TYK2, a Janus kinase, plays both structural and catalytic roles in type I interferon (IFN) signaling. We recently reported (Rani, M. R. S., Gauzzi, C., Pellegrini, S., Fish, E., Wei, T., and Ransohoff, R. M. (1999) J. Biol. Chem. 274, 1891–1897) that catalytically active TYK2 was necessary for IFN-β to induce the β-R1 gene. We now report IFN-β-mediated activation of STATs and other components in U1 (TYK2-null) cell lines that were complemented with kinase-negative (U1.KR930) or wild-type TYK2 (U1.wt). We found that IFN-β induced phosphorylation on tyrosine of STAT3 in U1.wt cells but not in U1.KR930 cells, whereas STAT1 and STAT2 were activated in both cell lines. Additionally, IFN-β-mediated phosphorylation of interferon-α receptor-1 (IFNAR-1) was defective in IFN-β treated U1.KR930 cells, but evident in U1.wt cells.

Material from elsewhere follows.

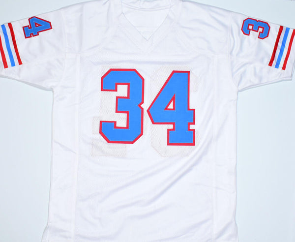 Earl Campbell Autographed White Pro Style Jersey- Beckett W Hologram *Black THIS IS NOT AN NFL JERSEY. THIS HAS NO TAGS, NO LOGOS, NO EMBLEMS. This is a hand autographed Jersey of Earl Campbell on a Custom Made (non name brand) Authentic Style Jersey with stitched letters and numbers. This item has a Beckett Witnessed Authentication, which comes with a numbered hologram and a QR code for verification. You can view this item on the Beckett Authentication website, it shows when and where the item was signed. It was signed either at a public autograph appearance or a private signing. This is a stock photo of the item. Although you may not receive this exact item, the item you receive is virtually identical and brand new in great shape. Jersey size is XL.
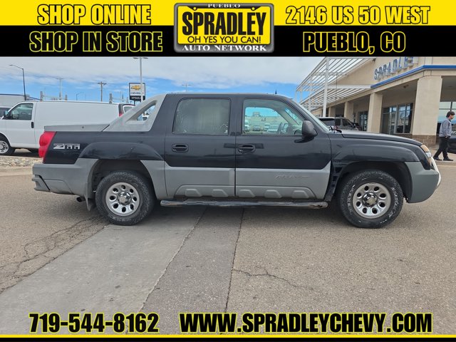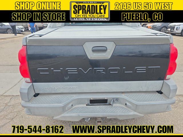 Clean CARFAX. Onyx Black 2002 Chevrolet Avalanche 1500 RWD 4-Speed Automatic with Overdrive Vortec 5.3L V8 SFIRecent Arrival!Come in and see why people buy from Spradley Chevrolet Hyundai and then send their friends and family. We pride ourselves on being the best in customer service and giving you the best deal possible. And if you have good credit, bad credit, bankruptcy, or are a first time buyer, we can help! Call Spradley Chevrolet Hyundais Internet Department today at 719-544-8162 and schedule your time to come in and test drive any of our new Chevrolet Silverado 1500, Impala and Suburbans or Hyundai Santa Fe, Tucson and Accents. And dont forget, we have all makes and models of pre-owned to choose from. Located at 2146 HWY 50 West, Pueblo, Colorado, where you will always hear, Oh Yes You Can! Spradley Chevrolet Hyundai, your dealership for all of Southwest, Southeast and Southern, Colorado!

In U1A-derived cells, the p85/p110 phosphoinositol 3-kinase isoform was associated with IFNAR-1 but not STAT3, and the association was ligand-independent. Further, IFN-β treatment stimulated IFNAR-1-associated phosphoinositol kinase activity equally in either U1.wt or U1.KR930 cells. Our results indicate that catalytically active TYK2 is required for IFN-β-mediated tyrosine phosphorylation of STAT3 and IFNAR-1 in intact cells.